1GB of process memory for a single HDD backed bluestore OSD was never 
the recommendation.  Prior to the memory autotuning we had the overall 
bluestore cache size set to 1GB for HDDs, but that does not mean that a 
bluestore OSD could ever consistently fit in a 1GB memory envelope.  It 
would be 1GB of cache plus whatever else the OSD needed to run.  In the 
filestore days we did (usually!) use less memory because we used the 
global page cache more than dedicated per-daemon caches.  That works 
well for slower disks but isn't necessarily a great model if you've got 
a box full of NVMe drives and/or want to have more control over what 
gets cached and how.  Generally the trend (and not just for Ceph) is to 
get the kernel out of the way and shard everything as much as possible.  
The page cache doesn't really fit well with that model as storage keeps 
getting faster and faster.  Having said all of that, it wasn't 
necessarily uncommon for filestore OSDs to use 1-2GB of RAM either 
especially during recovery and if the pglog is full.  The big difference 
is that now we are actually working toward trying to keep the OSD (and 
other daemons) within a certain memory boundary and historically we 
didn't do that at all.

We have set the OSDs to use the bitmap allocator. Is the fact that we get tcmalloc stats a contradiction to this?

No, the bitmap allocator won't prevent you from getting tcmalloc stats.  
tcmalloc controls memory allocations, the bitmap allocator controls disk 
allocations.

I did not consider upgrading from mimic, because a lot of people report stability issues that might be caused by a regression in the message queueing. There was a longer e-mail about clusters from nautilus and higher collapsing under trivial amounts of rebalancing, pool deletion and other admin tasks. Before I consider upgrading, I want to test this on a lab cluster we plan to set up soon.

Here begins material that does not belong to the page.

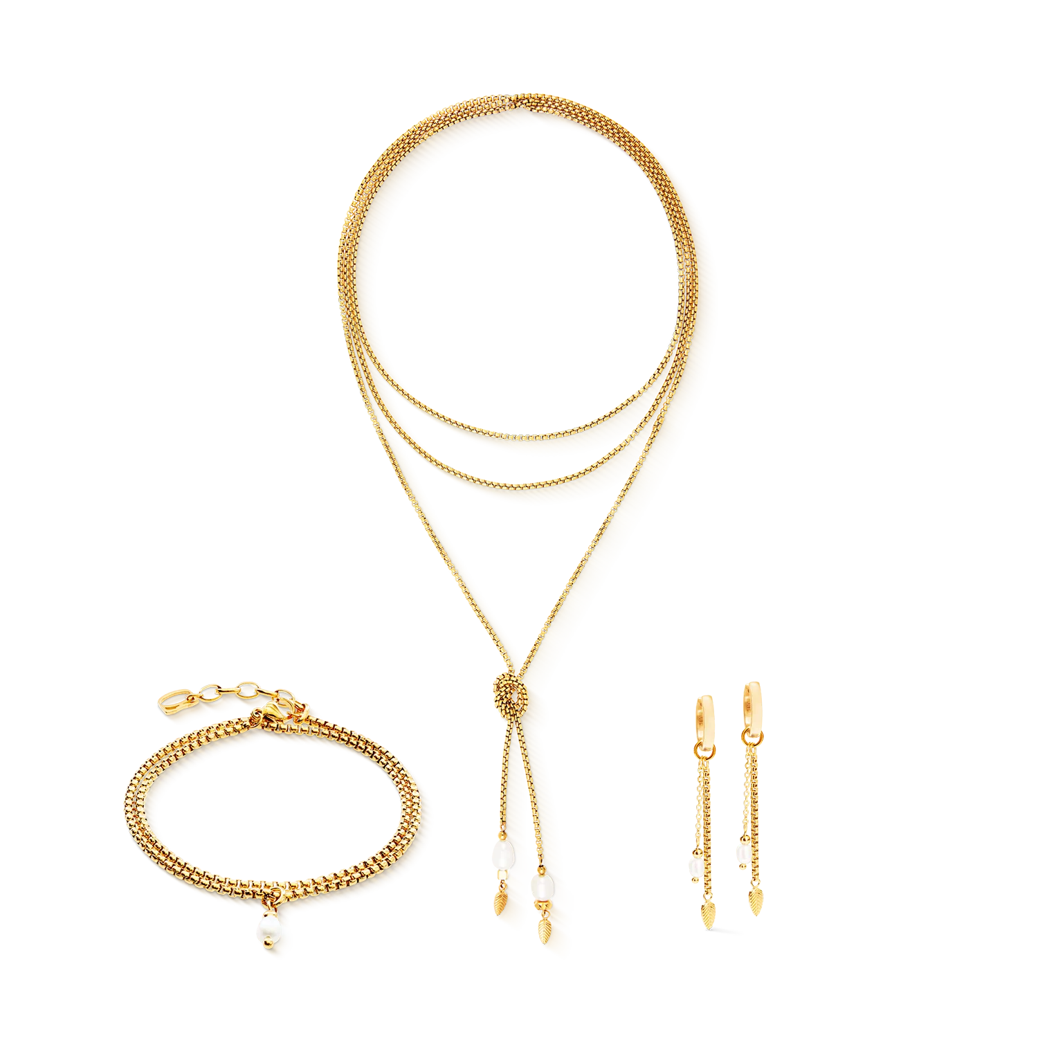 Versatility meets feminine elegance: the gold multiwear necklace combines flowing chain elements with a refined freshwater pearl and delicate leaf details. The decorative knot functions as both closure and defining design feature.

I will look at the memory profiling. If one can use this on a production system, I will give it a go.

Best regards,
=================
Frank Schilder
AIT Risø Campus
Bygning 109, rum S14

________________________________________
From: Mark Nelson <mnelson@xxxxxxxxxx>
Sent: 14 July 2020 14:48:36
To: Frank Schilder; ceph-users@xxxxxxx
Subject: Re:  Re: OSD memory leak?

Hi Frank,

These might help:

https://docs.ceph.com/docs/master/rados/troubleshooting/memory-profiling/

https://gperftools.github.io/gperftools/heapprofile.html

https://gperftools.github.io/gperftools/heap_checker.html

Regarding the mempools, they don't track all of the memory usage in
Ceph, only things that were allocated using mempools.  There are many
other things (rocksdb block cache for example) that don't use them.
It's only giving you a partial picture of memory usage.  In your example
below, that byte value from the thread cache freelist looks very wrong.
Ignoring that for a moment though, there's a ton of memory that's been
unmapped and released to the OS, but hasn't been reclaimed by the
kernel.  That's either because the kernel doesn't have enough memory
pressure to bother reclaiming it, or because it's all fragmented chunks
of a huge page that the kernel can't fully reclaim.  That tells me you
should definitely be looking at the transparent huge page (THP)
configuration on your nodes.  Looking back at batrick's PR that disables
THP for Ceph, it looks like we only backported it to nautilus but not
mimic.  On that topic, have you considered upgrading to Nautilus?

Mark

On 7/14/20 2:56 AM, Frank Schilder wrote:
Dear Mark,

thanks for the quick answer. I would try the memory profiler if I could find any documentation on it. In fact, I just guessed the "heap stats" command and have a hard time finding anything on the OSD daemon commands. Could you possibly point me to something? Also how to interpret the mempools? Is it correct to say that out of the memory_target only the mempools total is actually used and the remaining memory is lost due to leaks?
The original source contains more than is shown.